A series of cobalt(II) and cobalt(III) porphyrins with fused quinoxaline rings at one or more beta,beta'-pyrrolic units of the macrocycle were synthesized and characterized as to their electrochemical properties in nonaqueous media. Their UV-visible spectra were also measured before and during oxidation or reduction in a thin-layer cell.

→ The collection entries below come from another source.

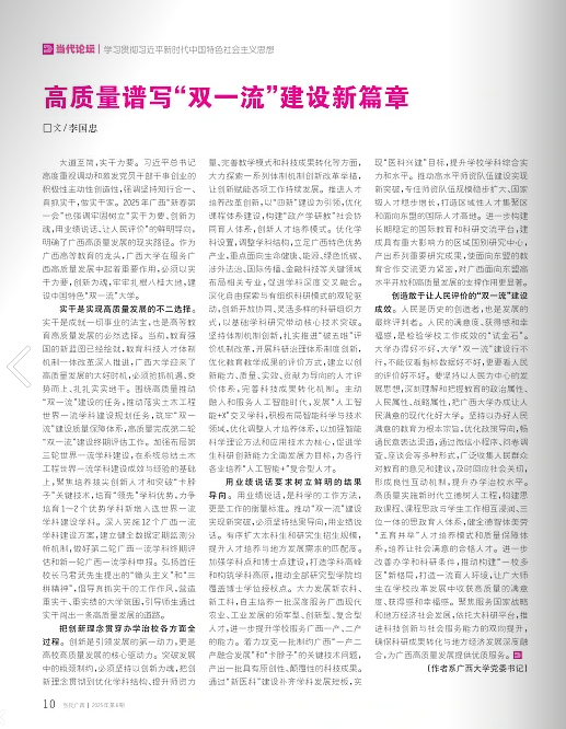 大道至简,实干为要。习近平总书记高度重视调动和激发党员干部干事创业的积极性主动性创造性,强调坚持知行合一、真抓实干,做实干家。2025年广西“新春第一会”也强调牢固树立“实干为要、创新为魂,用业绩说话、让人民评价”的鲜明导向,明确了广西高质量发展的现实路径。作为广西高等教育的龙头,beat365英国官方网站在服务广西高质量发展中起着重要作用,必须以实干为要,创新为魂,牢牢扎根八桂大地,建设中国特色“双一流”大学。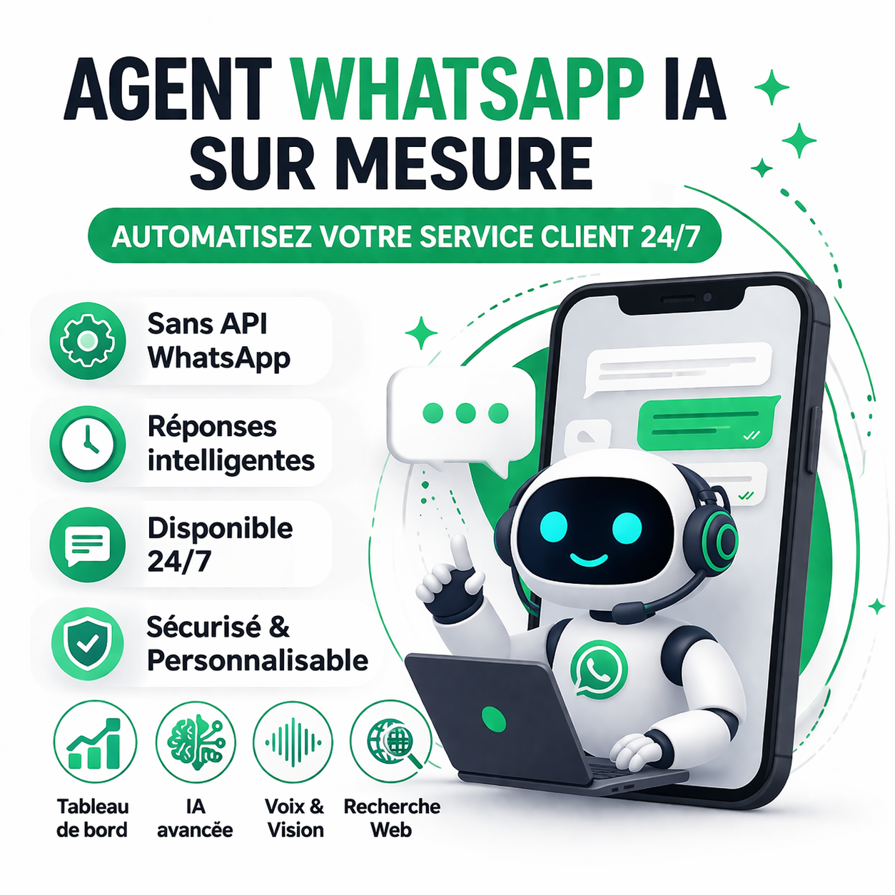 Cette solution fonctionne sans API WhatsApp Business, et peut être déployée sur n’importe quel numéro WhatsApp.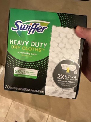 Swiffer Sweeper Heavy Duty Multi-Surface Dry Sweeping Cloths remove up to 95% of allergens* and TRAP + LOCK 2X more dirt, dust, and hair**, allowing you to clean all your hard floor surfaces quickly and easily. Use with your Swiffer Sweeper Dust Mop - the convenient combination of a broom and mop for a quick and easy clean. Experience Lasting Freshness*** with Swiffer Heavy Duty Dry Sweeping Cloths, now in the Fresh, Clean, and Airy Unstopables Scent you love!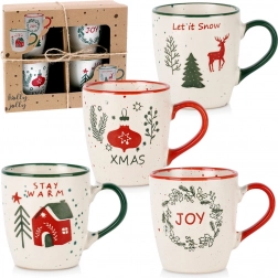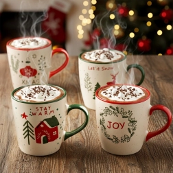 Uživajte u zimskim trenucima uz šalice koje griju na prvi pogled. Kamenina s crvenim i zelenim akcentima djeluje toplo i blagdanski, dok ergonomsko uho osigurava udobno držanje pri ispijanju kave, čaja ili vruće čokolade. Svaki komad ima jedinstveni motiv pa se set lijepo ističe na postavljenom stolu i kao dekoracija.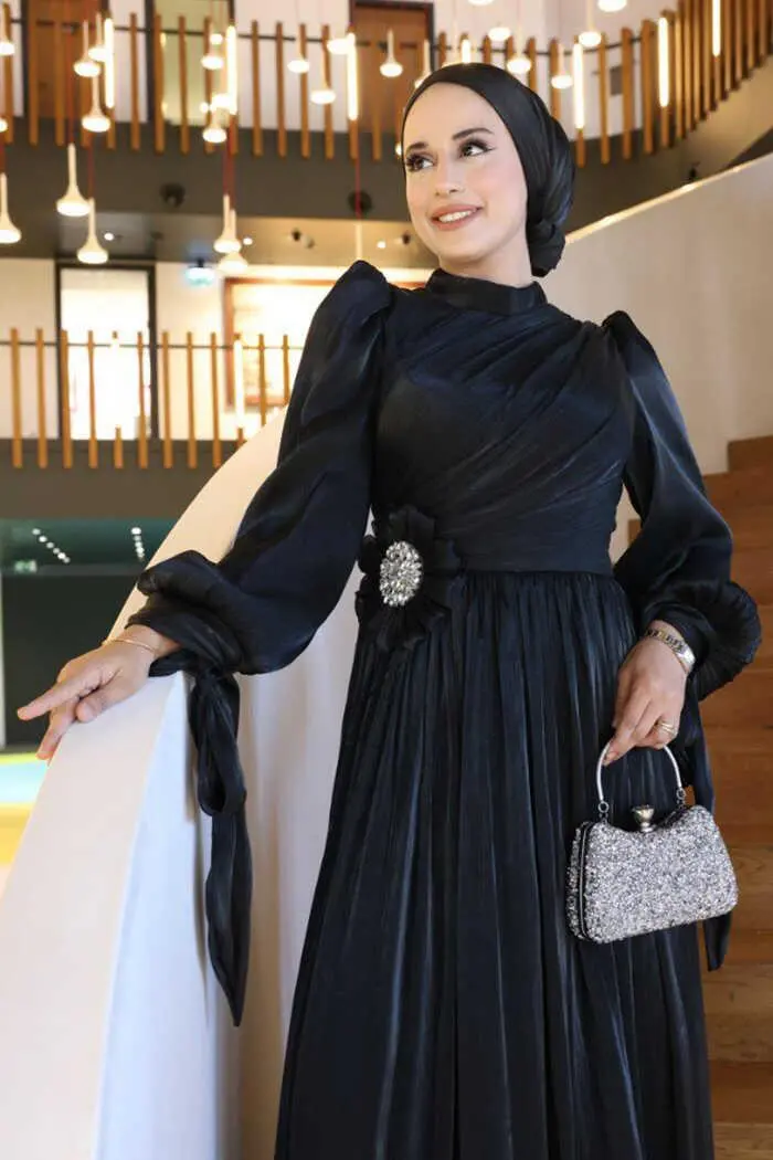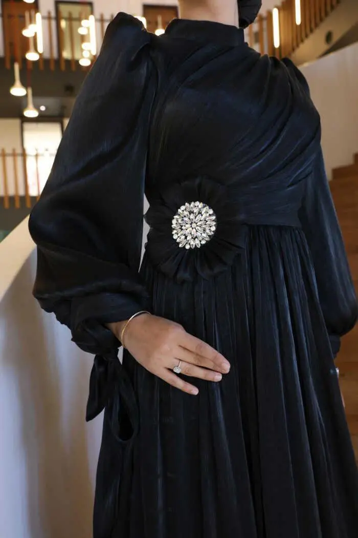 Çiçek Detaylı Valentino Abiye 7139 Siyah

The investigated quinoxalinoporphyrins are represented as (PQ)Co, (QPQ)CoCl, (PQ(2))CoCl, Co(P)-TA-(P)Co, and Co(PQ)-(QP)Co, where PQ = the dianion of 5,10,15,20-tetrakis(3,5-di-tert-butylphenyl)-quinoxalino[2,3-b']porphyrin, QPQ = the dianion of the corresponding linear bisquinoxalino[2,3-b':12,13-b'']porphyrin, PQ(2) = the dianion of the corresponding corner bisquinoxalino[2,3-b':7,8-b'']porphyrin, and (P)-TA-(P) = the tetraanion of the bis-porphyrin with 5,10,15,20-tetrakis(3,5-di-tert-butylphenyl)porphyrins fused at opposite ends of tetraazaanthracene. (P)Co and (P)CoCl were also characterized where P = the dianion of 5,10,15,20-tetrakis(3,5-di-tert-butylphenyl)porphyrin. Each compound could be cycled between their Co(III), Co(II), and Co(I) forms under the application of a given oxidizing or reducing potential, although a one-electron reduction of the Co(II) quinoxalinoporphyrins led to a product with mixed Co(I) and porphyrin pi-anion radical character followed by generation of a pure Co(I) pi-anion radical species at more negative potentials. The effect of the position and number of quinoxaline groups on the redox potentials and mechanisms of each electron transfer were elucidated, and comparisons made to structurally similar compounds containing both redox active and redox inactive central metal ions. Surprisingly, the position and number of quinoxaline groups on the macrocycle has little or no effect on the redox potentials for the Co(II) --> Co(III) or Co(III) --> Co(II) processes, but this is not the case for other electron transfer reactions where significant differences are seen between the examined compounds. Significant interactions are also observed between the two porphyrin macrocycles of the laterally bridged dicobalt(II) bis-porphyrin dyad Co(P)-TA-(P)Co in its singly and doubly reduced form, but only weak interactions are seen between the two Co(PQ) units of the single bond biquinolalinyl-bridged dicobalt(II) bis-porphyrin dyad Co(PQ)-(QP)Co.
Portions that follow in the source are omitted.